Since earning her doctorate in history, Powell has been researching and writing on Black slavery in the Middle East and colonial history in Egypt and the Sudan. Like any scholar who specializes in North Africa and the Middle East, Powell has had to master classical and modern Arabic. Though she doesn’t have an official affiliation with the African studies program at the University of Georgia, Powell hopes to draw undergraduates who take African studies courses into her courses so that they can learn about the connections between Black Africa and the Arab world. 
The willingness to write about race and ethnicity in the Middle East has generated some controversy between Powell and her colleagues in Middle Eastern studies, according to Powell. “I’ve gotten angry reactions from Arab scholars because they say I am wrongly imposing my view on race in my work,” she says.
Grinnell College’s Simawe says dialogue on race and slavery’s legacy in the Arab world has yet to flourish in the Middle East. “People don’t like to talk about (Muslim slavery). It’s the same here where Americans don’t like to talk about slavery in this country,” he says.

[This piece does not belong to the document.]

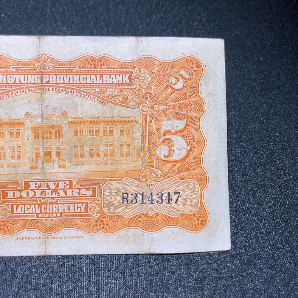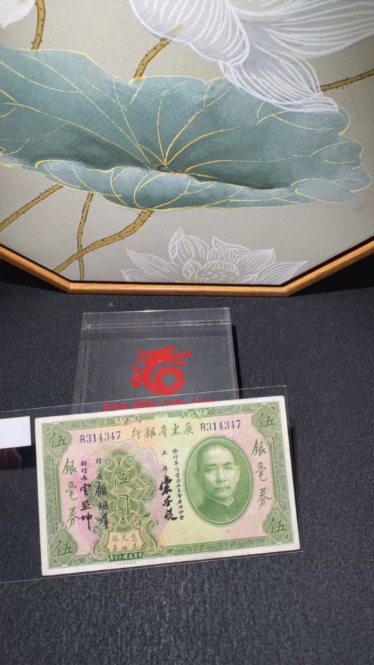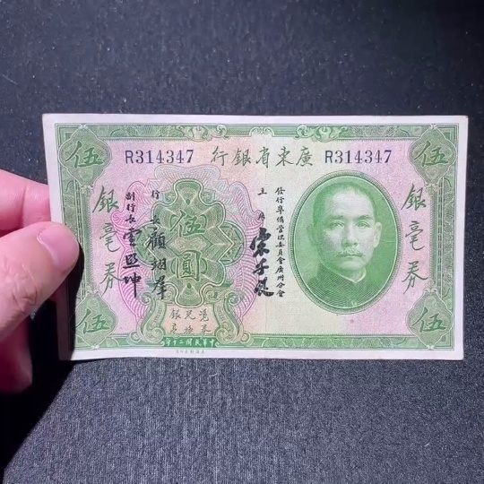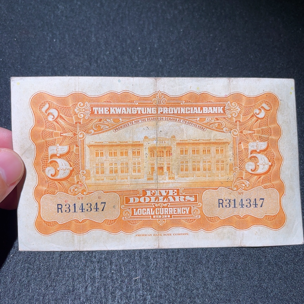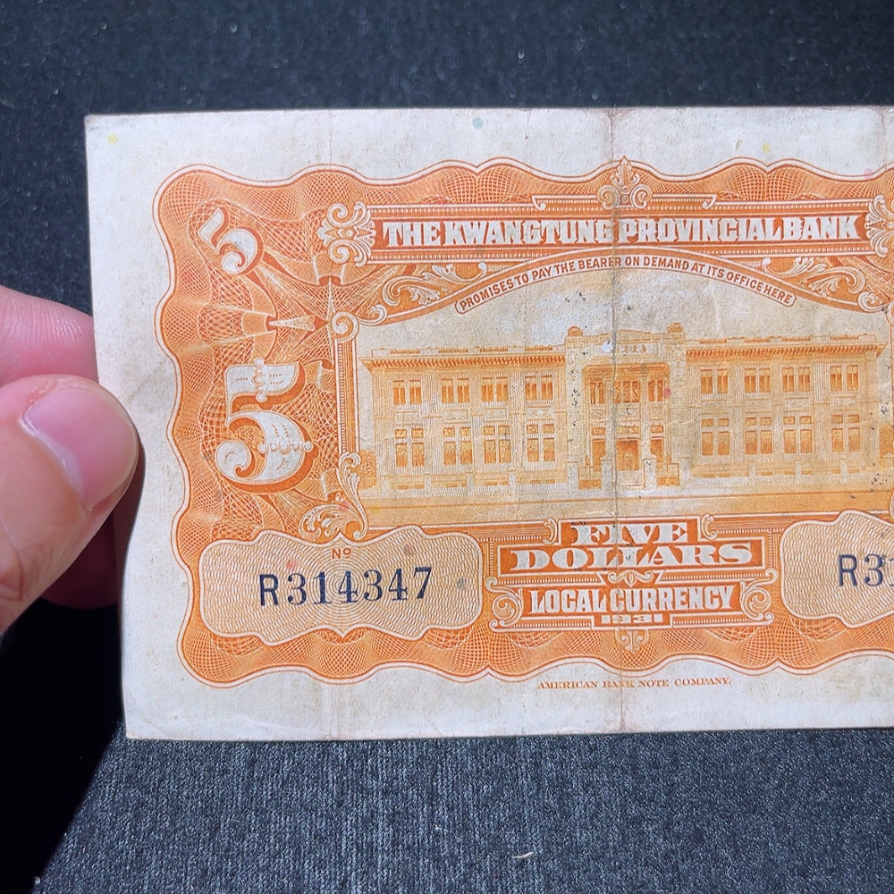Trezaar - 20th Year of the Republic Guangdong Provincial Bank Silver Dollar Certificate Five Yuan, T.L. Soong Signature Version, Fine Original Banknote

However, Simawe notes that in addition to scholars affiliated with American and European institutions North African scholars in Tunisia and Morocco have taken a highly active role in translating and interpreting Arabic language documents from sub-Saharan Africa. For his part, the Iraqi-born scholar, who has helped Hunwick translate Sudanic documents, is writing a book that compares the characterizations of Blacks in Arabic literature from the Middle East and Africa Sudan to characterizations of Blacks in American literature. As he sees it, the work of people, such as Hunwick, has inspired scholars like himself to cross cultural boundaries and interpret Africa with new insights.